# Task objective
Give the listing again exactly, omitting its images.

# Exercise data

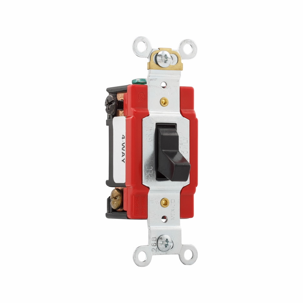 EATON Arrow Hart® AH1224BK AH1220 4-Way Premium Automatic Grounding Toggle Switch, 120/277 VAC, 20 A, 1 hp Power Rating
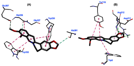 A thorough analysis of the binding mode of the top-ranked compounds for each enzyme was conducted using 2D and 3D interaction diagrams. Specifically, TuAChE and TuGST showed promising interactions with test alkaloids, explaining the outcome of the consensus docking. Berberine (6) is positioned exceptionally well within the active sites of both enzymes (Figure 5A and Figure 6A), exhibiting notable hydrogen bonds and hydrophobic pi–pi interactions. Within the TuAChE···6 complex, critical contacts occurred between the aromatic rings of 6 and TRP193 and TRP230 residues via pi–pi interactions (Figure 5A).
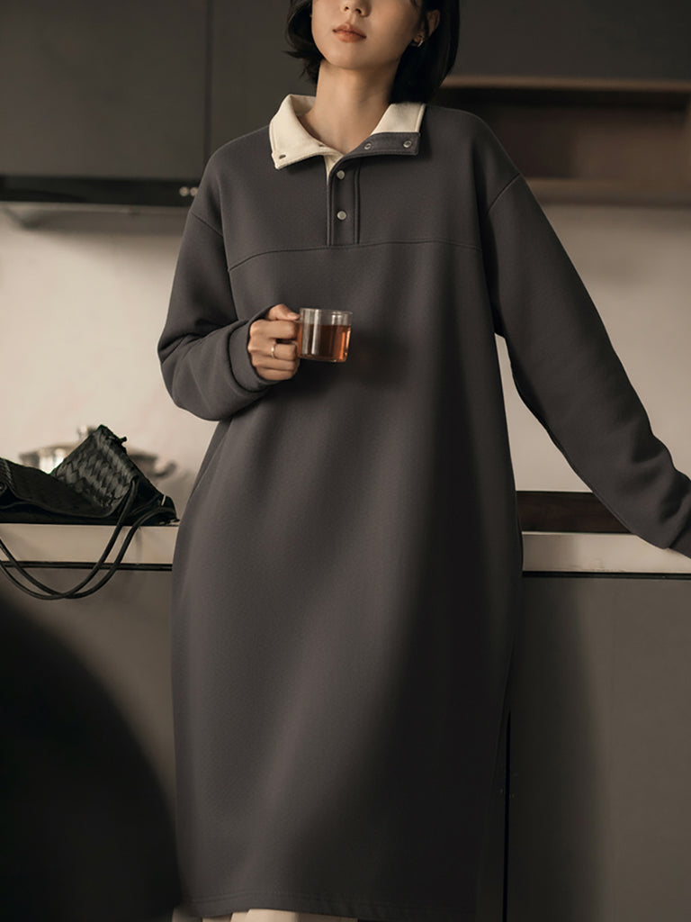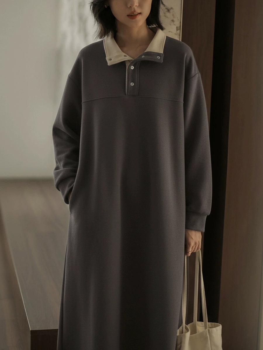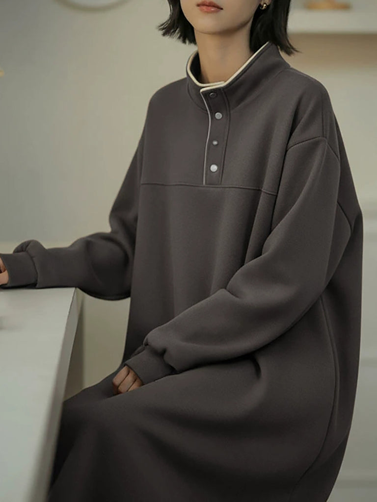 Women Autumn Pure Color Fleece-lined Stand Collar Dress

# Answer space
 EATON Arrow Hart® AH1224BK AH1220 4-Way Premium Automatic Grounding Toggle Switch, 120/277 VAC, 20 A, 1 hp Power Rating
 A thorough analysis of the binding mode of the top-ranked compounds for each enzyme was conducted using 2D and 3D interaction diagrams. Specifically, TuAChE and TuGST showed promising interactions with test alkaloids, explaining the outcome of the consensus docking. Berberine (6) is positioned exceptionally well within the active sites of both enzymes (Figure 5A and Figure 6A), exhibiting notable hydrogen bonds and hydrophobic pi–pi interactions. Within the TuAChE···6 complex, critical contacts occurred between the aromatic rings of 6 and TRP193 and TRP230 residues via pi–pi interactions (Figure 5A).
 Women Autumn Pure Color Fleece-lined Stand Collar Dress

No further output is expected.